Step 2: They form a coalition of other concerned groups and lawyers and file a 60-day notice of intent to sue (as required by law).
Step 3: Wait around for 57 to 59 days.
Step 4: On the last day of the 60 day waiting period the state agency, that has a very cozy relationship with the industry it is supposed to regulate, will come in and file a sweetheart deal with the polluter and blocks the citizens from being able to file suit.
Step 5: Citizens are then left to either try to intervene or challenge the weak settlement, but they are left with many legal hurtles and polluted water.
In North Carolina, the Department of Environment and Natural Resources blocked several citizen suits aimed at forcing Duke Energy to clean up their coal ash ponds, which have been leaching pollution into the state’s rivers and groundwater. Instead, DENR and Duke formed a settlement that came with a fine of just $99,000, and the requirement they assess pollution from their ash ponds, but nothing more. However, increased scrutiny as a result of the Dan River coal ash spill has put this settlement on hold. We can only hope that a better settlement will come out of this now.
In Kentucky, Appalachian Voices and our partners (KFTC, Kentucky Riverkeeper and Waterkeeper Alliance represented by Mary Cromer from Appalachian Citizens’ Law Center and Lauren Waterworth) have challenged the way in which this most recent settlement with Frasure Creek was reached.
The Kentucky Energy and Environment Cabinet filed a case in their own administrative court to block our suit against Frasure Creek. We were made full parties to that case but Frasure Creek and the Cabinet entered a weak settlement without our agreement anyway. Basically, we are arguing that excluding us violates due process rights and the settlement is invalid because you can’t have a valid settlement without the agreement of all the parties.
One of the main excuses the cabinet gave for cutting such a nice deal for Frasure Creek was their supposed financial problems, but they completely ignored the fact that Frasure Creek is owned by Essar Group, a giant, multi-billion dollar company, owned by a family of billionaires.

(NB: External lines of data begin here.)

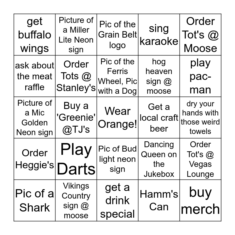 This bingo card has a free space and 32 words: Hamm's Can, PBR Can, Buy a 'Greenie' @TJ's, Order Tots @ TJs, Order Heggie's, Order Tots @ Stanley's, Order Tot's @ Moose, Order Tot's @ Vegas Lounge, Picture of a Miller Lite Neon sign, Picture with TJ's logo outside, Pic of the Ferris Wheel, Pic with a Dog, Pic of the Grain Belt logo, Buy furniture at Al's, Get a Stanley's Shandy, Get a local craft beer, Minnesota-style drink special, Pic of a Shark, Picture of a Mic Golden Neon sign, Pic of Bud light neon sign, Play Darts, Dancing Queen on the Jukebox, winning pull tab, dry your hands with those weird towels, Vikings Country sign @ moose, buy merch, sing karaoke, hog heaven sign @ moose, ask about the meat raffle, get buffalo wings, get a drink special, pic of best of twin cities sign and play pac-man.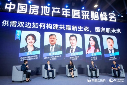 在圆桌论坛环节,明源数字建造研究院供应链领域研究专家 覃丹作为主持人,提出了“供需双边如何构建共赢新生态,面向新未来”的议题,越秀地产招采管理中心副总经理 唐佳明、勤诚达供应链总经理 王和俊、泰昇线缆民用副总经理 黄河、高登铝业执行总裁 李婧四位重量级嘉宾登台论述,就供需合作模式、绿色供应链打造、经营成本优化等实战性话题,给出了极具启发的深刻见解。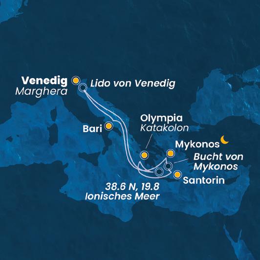 Für Abfahrten 17.05. – 13.09.2025 können Sie die Routen der Costa Deliziosa auch zu einer 15-tägigen Kreuzfahrt kombinieren.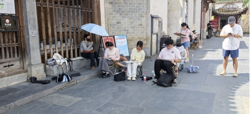 在安徽,师生首站走进西递古村,员工聚焦徽州三雕、“四水归堂”建筑特色,融入村民生活场景创作。教师明确“每日写生+晚间点评”节奏,通过“日间实践+夜间复盘”帮员工及时消化所学。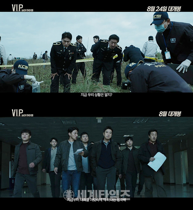 영화 '브이아이피' 2차 예고편이 시작하자마자, 경찰 정복을 입은 현봉식이 화면의 중앙에서 심각한 표정으로 살인 사건 현장을 지켜보는 모습이 등장해 네티즌들의 관심이 집중되고 있다.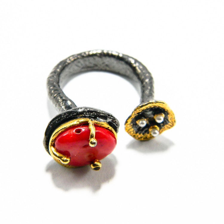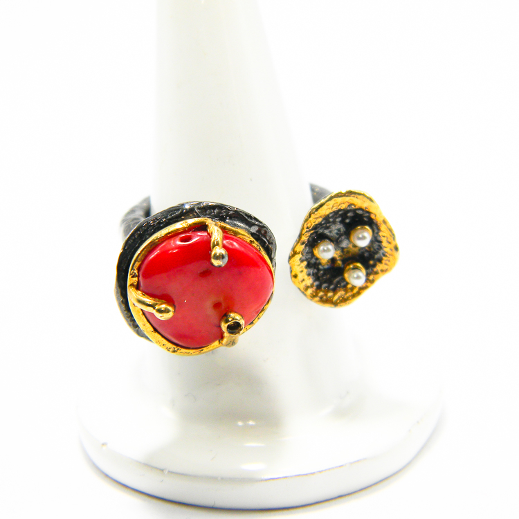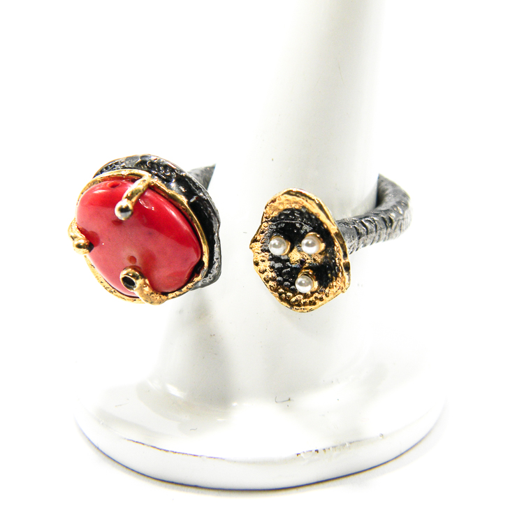 Inel vintage statement din argint cu coral si perla – Handmade Unicat – i210F2G

Frasure Creek entered bankruptcy, but it was recently bailed out with $150 million from Essar.
This is the second of two outstanding cases we have in Franklin Circuit Court against Frasure Creek. The first began in 2011 and challenges a settlement that was based on false water monitoring data that we uncovered. After that case began, Frasure Creek started using a reputable lab and submitting more accurate water monitoring reports. Those new reports showed lots of water pollution violations, and those are the basis for the case that was at issue yesterday.

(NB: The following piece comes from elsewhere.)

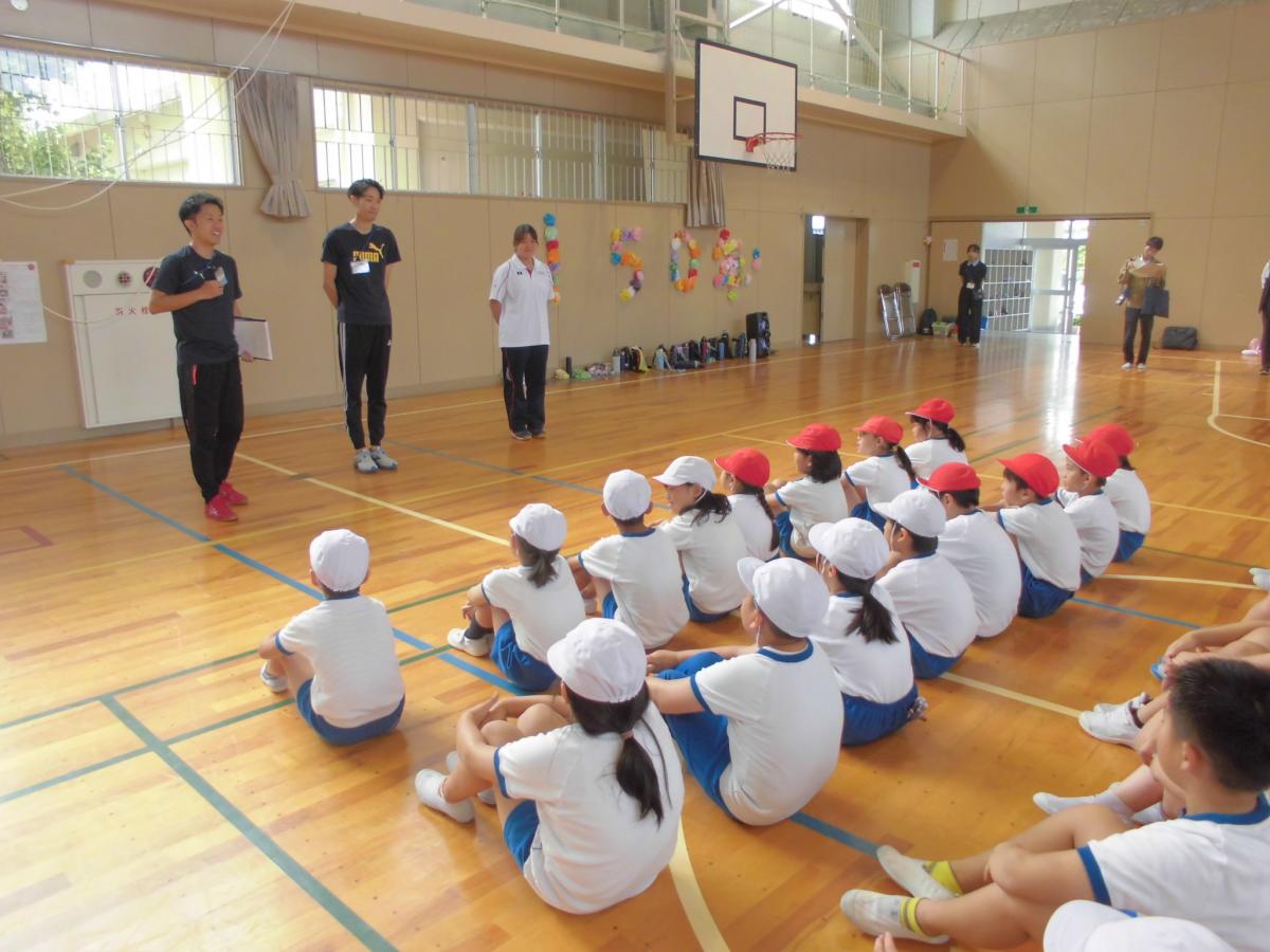 4限目は、運動会に向けて走りの上達に向けた走り方のポイントを教えていただきました。子どもたちは少しでも速く走れるポイントを、実際にやってみながら身につけようとする様子が見られました。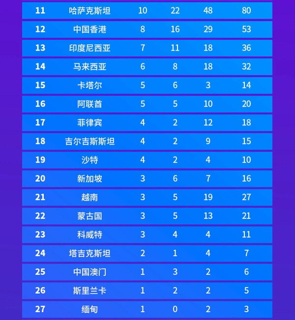 45个参赛国家和地区中,27个代表团有金牌入账,没有获得奖牌的只有不丹、马尔代夫、东帝汶和也门。

At the hearing yesterday, the judge asked a lot of good questions, and we are hopeful that he will do what is right for the water and people of Kentucky.
In all these cases it seems like the key to getting state agencies to do their job is attention from the press and scrutiny from the public. When it comes to corruption, it’s often said sunlight is the best disinfectant.
Great report , Eric!
These things take a long time and I appreciate your perseverance ! Hopefully, the EPA’s upcoming CCR reg will help define and require proper treatment/disposal processes. I hope AV is continuing a dialogue with EPA on this very important proposal.
The contract lab studies are also important as acceptance of false/inaccurate data by the Agencies is an important factor. ALL environmental labs should be required to become NELAP-Certified under the EPA guidance but the States have mostly opted out ! Tell volumes about their lack of commitment !
I can’t begin to express my appreciation for AV. In particular, I’m impressed with the boots you put on the ground for enlightening the masses on the sleazy cooperation between state/federal regulators and profit-oriented polluters. I was elated to see your interview with Rachel Maddow on this very topic. Thank you!
This ruling should not come as a surprise, it was made in the unbridled sprit of the Kentucky Cabinet and the long standing relationships with the corporations that have ruled the state for decades. Judge Shepherd was thought to have been fair and was one to sort things out to make good decisions. Perhaps we were wrong, maybe we mixed him up with someone who could see the difference between right and wrong, clearly this decision is wrong when the position should be behind the safety of the Commonwealth.
Jimmy Hall & Elaine Tanner,
Thanks everyone for your comments. It continues to amaze me how well the Kentucky Cabinet represents the interest of those it is supposed to regulate, rather than the people and environment.
To be clear, Judge Shepherd has not ruled on this case yet, so he still can make a good decision in this case. From his questions at the hearing, it was clear that he had put a lot of thought into the case, and we are hopeful that he will do what’s right.